In Louisiana, nearly all construction — public and private — is considered essential under Gov. John Bel Edwards’ order. Government construction projects would only go on hold if contractors were unable to complete the work, according to Jacques Berry, spokesman for the state’s Division of Administration, which oversees state contracts.

“Construction is going on when possible. Those contractors, unless they have told us they’re not working, are generally trying to go ahead with those projects,” Berry said. “We’re trying to set it up so the architects, engineers and accountants who work with them can work from home.”

Stay-at-home and shelter-in-place orders differ by state. The two terms’ meanings are not consistent among governments, but the latter is traditionally used for tighter restrictions.

What work is exempt from those emergency orders also varies from place to place.

That’s likely because a variety of local, legal and political considerations determine what businesses are considered essential. A state-mandated shutdown could lead to layoffs and more people on unemployment, Verchick said, but it could also mean that attorneys general and city attorneys might have to guard against employers who use a broad order as an excuse to illegally fire workers. And industry groups are lobbying local leadership, asking their businesses be considered essential so they can stay open, Verchick said.

“These stay-at-home orders, they’re based on law, but they’re also based on the interest of commerce,” he said.

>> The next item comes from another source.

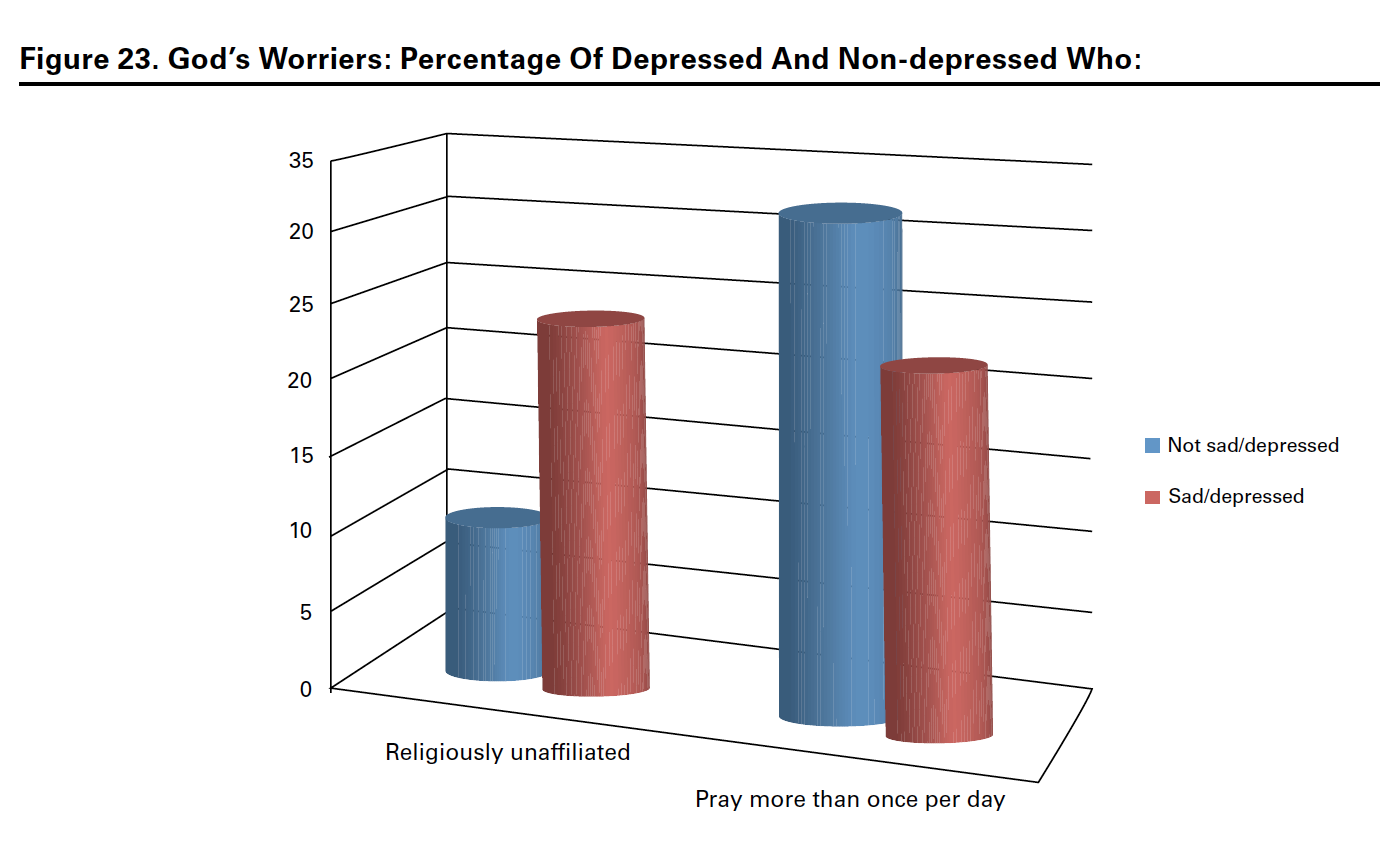 - 23% of “depressed” respondents pray more than once daily vs. 32% of the non-depressed.

Government attorneys must also consider whether their orders are susceptible to a legal challenge.

That might be why some elected officials haven’t emphasized enforcement, which could prove unpopular. When California Gov. Gavin Newsom announced his stay-at-home order earlier this month, he insisted, “People will self-regulate their behavior.”

That’s true of local businesses that could lose their licenses by violating the law, Verchick said, but a law enforcement crackdown on individuals could invite lawsuits.

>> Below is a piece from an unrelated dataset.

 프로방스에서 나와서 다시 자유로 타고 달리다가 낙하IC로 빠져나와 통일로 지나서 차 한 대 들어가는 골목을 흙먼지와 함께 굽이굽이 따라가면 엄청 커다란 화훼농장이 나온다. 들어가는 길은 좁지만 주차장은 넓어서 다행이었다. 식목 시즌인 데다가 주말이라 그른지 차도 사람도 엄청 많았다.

“The more you were to enforce these things, the higher your legal liability might be,” Verchick said.

Going forward, local governments will have to grapple with the best way to wind these orders down, Sun said.

“Another hard and interesting question is how long to leave the measures in place and under what conditions people who have had and recovered from COVID-19 should be allowed to return to work,” she said.

Some orders have a deadline attached. Louisiana’s, which went into effect last week, expires April 13. Wisconsin’s is effective until April 24. But California’s order, signed by Newsom on March 19, has no end date.

The Constitution allows for limits on freedoms if they aren’t overly broad and there’s a compelling reason for them, and Verchick said he thinks that applies to COVID-19 restrictions. But California’s limitless extension of extraordinary measures could make its order vulnerable to a legal challenge, he said.

“It’s always a concern if we’re talking about the government using extraordinary powers or putting limitations on personal liberties,” he said.